在查看unix-socket时,我发现了这段代码:
let timeout = unsafe {
let mut timeout: libc::timeval = mem::zeroed();
let mut size = mem::size_of::<libc::timeval>() as libc::socklen_t;
try!(cvt(libc::getsockopt(self.0,
libc::SOL_SOCKET,
kind,
&mut timeout as *mut _ as *mut _,
&mut size as *mut _ as *mut _)));
timeout
};
我特别好奇这些界限:
&mut timeout as *mut _ as *mut _,
&mut size as *mut _ as *mut _
为什么有必要对一行中的可变原始指针执行两次转换?为什么仅仅施放一次就不够了?
答案 0 :(得分:9)
timeout例如对应*mut c_void参数:
pub unsafe extern fn getsockopt(sockfd: c_int, level: c_int, optname: c_int,
optval: *mut c_void, optlen: *mut socklen_t) -> c_int
该文件中的timeout定义为:
let mut timeout: libc::timeval = mem::zeroed();
所以类型为libc::timeval。
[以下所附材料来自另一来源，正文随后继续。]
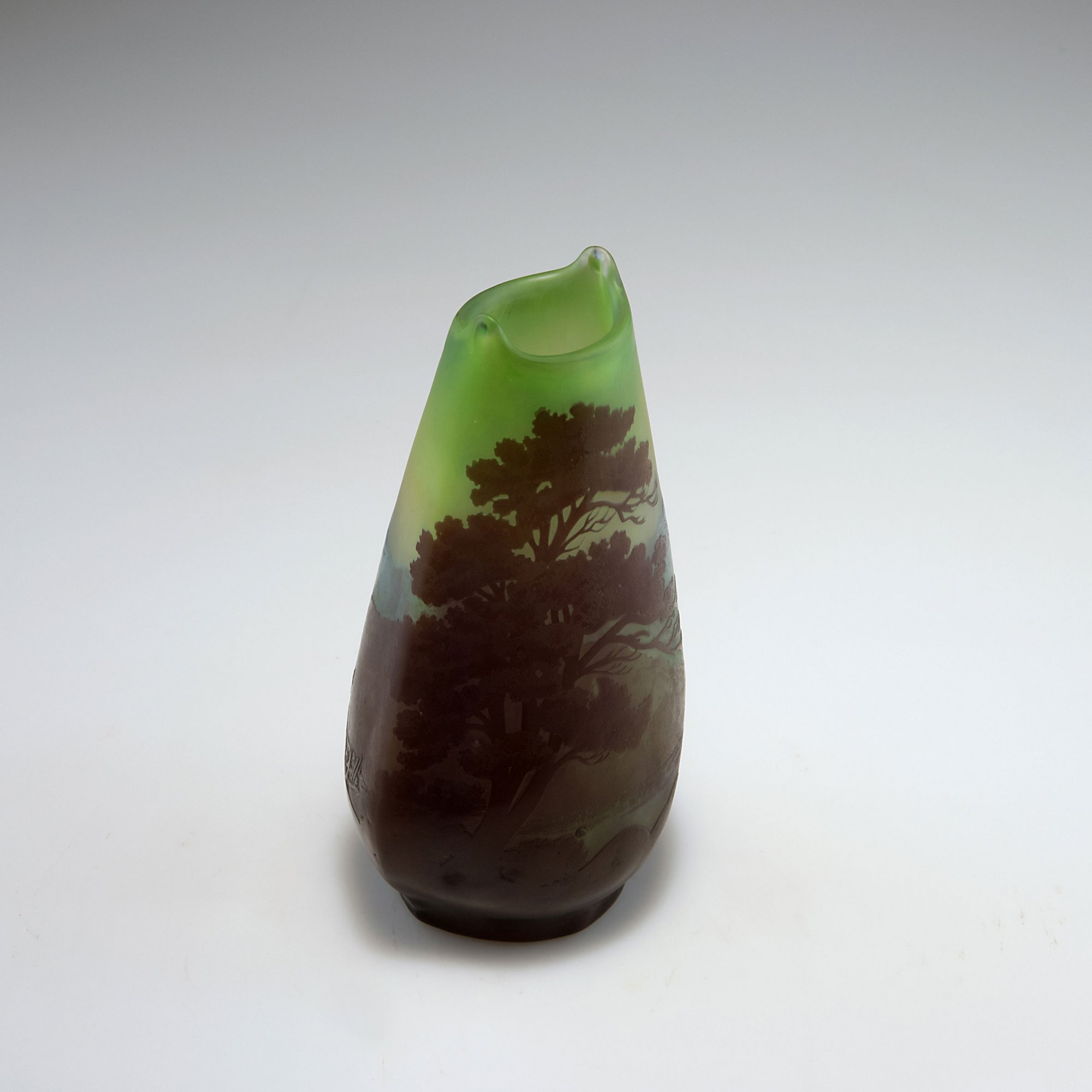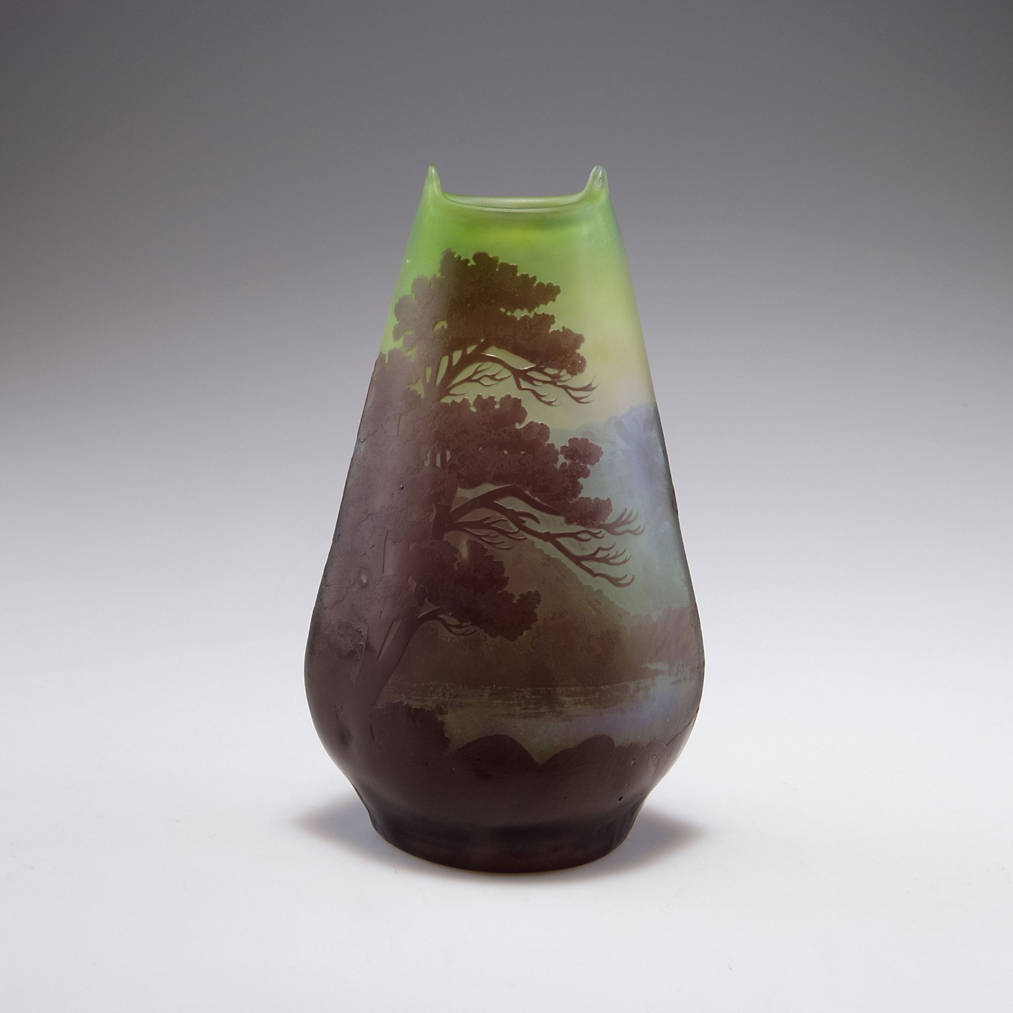 Emile Gallé, Nancy. 'Paysage' vase, c1910. H. 20.5 cm. Cased glass, clear, green and purple. Landscape with trees and lake. Signed: Gallé.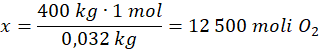 Z równania wynika, że na 32 g (0,032 kg) siarki zużywa się 1 mol tlenu: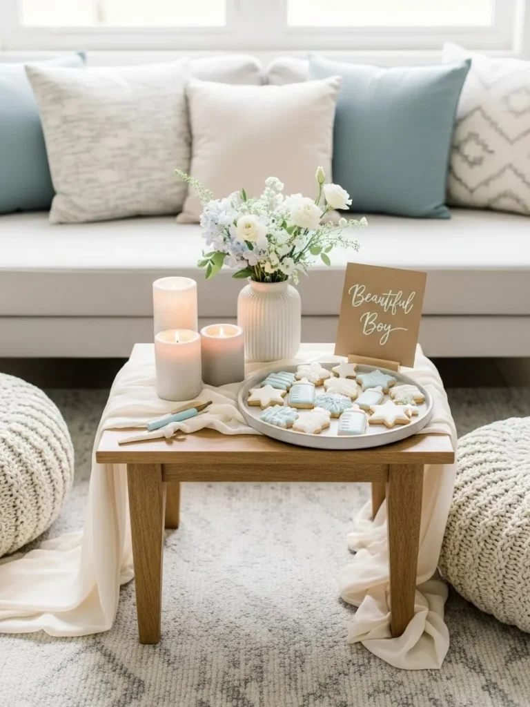This setup feels calm and cozy in the best possible way. A simple wooden coffee table is styled with a soft fabric runner that drapes gently onto the floor, instantly making the space feel relaxed and welcoming. The neutral palette leans into creamy whites, warm wood tones, and hints of soft blue that show up in the pillows and cookies. A small floral arrangement adds freshness without feeling fussy, while candles create that warm glow everyone loves during a daytime gathering. The low poufs on either side make it feel intimate and lived in, like guests are encouraged to sit down, snack, and stay awhile.

现在让我们考虑一下:
&mut timeout as *mut _ as *mut _
首先,您有&mut timeout,因此类型为&mut libc::timeval。然后你执行as *mut _将它强制转换为推断类型的原始可变指针,在这种情况下它是libc::timeval的相同类型,所以到目前为止的完整类型是:*mut libc::timeval,与参数类型*mut c_void不匹配。最后的as *mut _再次推断出目标类型,现在是参数类型*mut c_void,因此最终会将*mut libc::timeval强制转换为*mut c_void。